On Wed, 1 Apr 2020 at 11:58, karthick rn <karthick.narend...@gmail.com>
wrote:

> Hi Christopher, I have talked through this issue with Keith internally but
> haven't raised an official channel for discussion, because I suspected the
> issue could be related to ZK / Netty framework as only after enabling TLS
> we are seeing this.
> May be I should have opened an issue on Accumulo git first. I'm doing this
> now.
>
> Thanks,
> Karthick
>
> On Wed, 1 Apr 2020 at 08:51, Christopher <ctubb...@apache.org> wrote:
>
>> Karthick, I haven't seen this discussed in the Accumulo community.
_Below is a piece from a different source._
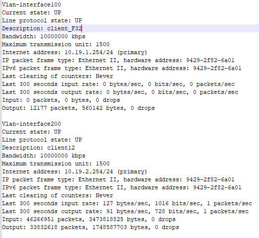 S7506X交换机display interface查看到的vlan if接口mac地址相同,如下: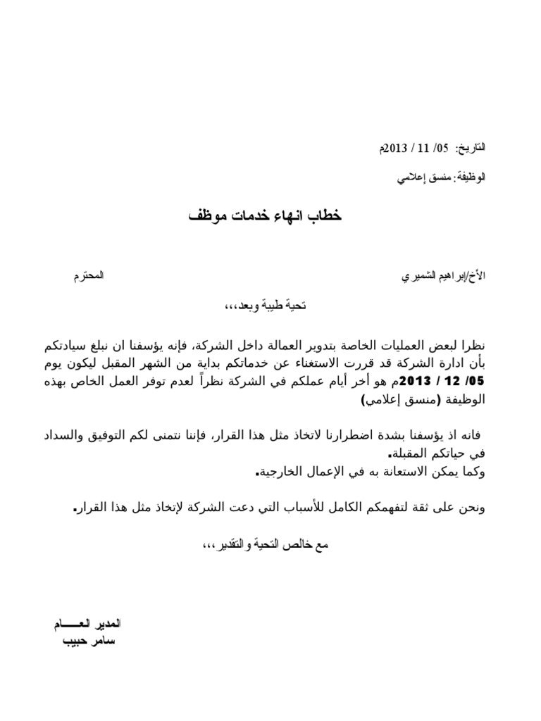 Na0061العربية خطاب إنهاء الخدمة لتغير ظروف وإحتياجات العمل Namozaj

Can you
>> point me to the conversation there?
>>
>> On Wed, Apr 1, 2020 at 2:19 AM Andor Molnar <an...@apache.org> wrote:
>>
>> > Why would they need to be daemon threads?
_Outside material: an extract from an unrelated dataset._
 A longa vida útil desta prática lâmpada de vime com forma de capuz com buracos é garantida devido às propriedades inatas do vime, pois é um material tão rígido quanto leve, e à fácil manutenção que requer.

>> > I’m not an expert of Java threading, but afaik I/O threads should not be
>> > daemon threads in most cases.
>> >
>> > Also those threads are Netty internal threads, so this question is
>> better
>> > to be asked in Netty community.
>> > ZK threads reported in jstack are just waiting for input to
>> send/receive.
>> > Do you know at which point Accumulo does stuck?
>> >
>> > Andor
>> >
>> >
>> >
>> > > On 2020. Mar 31., at 14:27, karthick rn <karthick.narend...@gmail.com
>> >
>> > wrote:
>> > >
>> > > Hi Enrico,
>> > >
>> > > Yes, I have already run this through Accumulo folks they have looked
>> at
>> > the
>> > > jstack output & advised to check with ZK devs if those 2 threads (#27
>> &
>> > > #30) are expected to be non-daemon threads.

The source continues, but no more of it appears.